The 16S rRNA gene has traditionally been considered the gold standard for classifying prokaryotic microorganisms (bacteria and archaea), as it meets all the characteristics required to be a molecular marker. However, despite the large number of works that have used the sequencing of the hypervariable regions of this marker, it has the disadvantage of not being able to determine taxa at an infra-generic level. A strategy used to improve taxonomic classification has been the combination of the 16S rRNA marker with some other constitutive expression genes such as the genes sodA, hps65, gyrB, among others, and even genes encoding for subunits of the cytochrome c enzyme complex have been used to classify microorganisms into species.
In the last decade, mass sequencing technologies have made it possible for microbial populations to be analyzed in greater depth, either by sequencing the entire 16S rRNA gene, thus increasing the resolution of that marker, or by combining the information of that gene with the sequencing of complete metagenomes. In this last type of analysis, sequences of all the genomic material present in the sample are obtained, which offers the great advantage that in addition to making the taxonomic classification it is also possible to obtain functional information of the detected genes. Thus, despite the limitations of the required bioinformatic analysis, the use of these methodologies allows for more complete analyses.
However, despite the development of high-performance sequencing techniques, the targeted sequencing of 16S rRNA on the Sanger platform is not entirely obsolete, and the selection of the analysis strategy will depend on the objectives of the study, the degree of precision desired, the sample size and the financial resources that can be allocated by the research team. For example, if you are looking for the presence and/or absence of a single bacterial genus, Sanger sequencing would be ideal because it has the ability to sequence relatively large fragments with greater precision than any mass sequencing platform. If what is wanted is to discriminate between species of a single bacterial genus, two strategies can be utilized: the sequencing of some hypervariable region of the 16S rRNA together with some other constitutive gene (MLSA), or the sequencing of the whole gene in order to obtain the information of all the hypervariable regions.
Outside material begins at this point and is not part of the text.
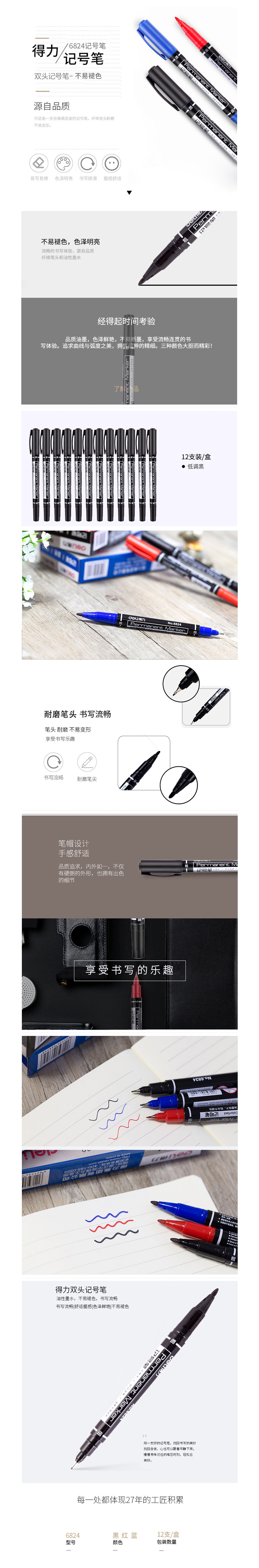 品名:得力(deli) 双头多用记号笔 6824 0.5mm 12支装 黑色

Today, metagenomics faces numerous challenges arising from the large amount of information generated, its storage and the way in which it must be treated. Although many tools and applications have been designed for bioinformatic analysis of metagenomes, there is no single "protocol" of analysis; therefore, each study must be adapted to the nature of the samples and the objectives of the experiment.
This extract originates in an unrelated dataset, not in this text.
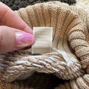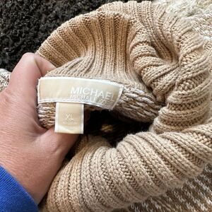 Michael Kors Twill Stitch Turtleneck Poncho Sweater Camel Size XL Tan White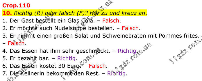 10. Richtig (R) oder falsch (F)? Hör zu und kreuz an. 1. Der Gast bestellt ein Glas Cola. – Falsch. 2. Er möchte auch Nudelsuppe bestellen. – Falsch. 3. Er nimmt einen großen Salat und Schweinebraten mit Pommes frites. – Falsch. 4. Das Essen hat ihm sehr geschmeckt. – Richtig. 5. Er bezahlt bar. – Richtig. 6. Das Essen kostet 30 Euro. – Falsch. 7. Die Kellnerin bekommt den Rest. – Richtig.

In conclusion, microbial diversity studies will always use the 16S rRNA molecular marker to make taxonomic classifications, either through the sequencing of one or two of its hypervariable regions or through that of the whole gene, and it can even be combined with the use of another constitutive gene as a molecular marker to achieve a better taxonomic classification. On the other hand, mass sequencing technologies have greatly improved the study capacity and speed of metagenome analysis. This has occurred particularly in environmental samples with ecological importance, in both human and animal health, in studies on symbiosis of plants with endophytic fungi, and in the evaluation of ruminal metagenomes, to mention a few.
Literatura citada
1. Li W, Huan X, Zhou Y, Ma Q, Chen Y. Simultaneous cloning and expression of two cellulase genes from Bacillus subtilis newly isolated from Golden Takin (Budorcas taxicolor Bedfordi). Biochem Biophys Res Commun 2009;383(4):397-400. [ Links ]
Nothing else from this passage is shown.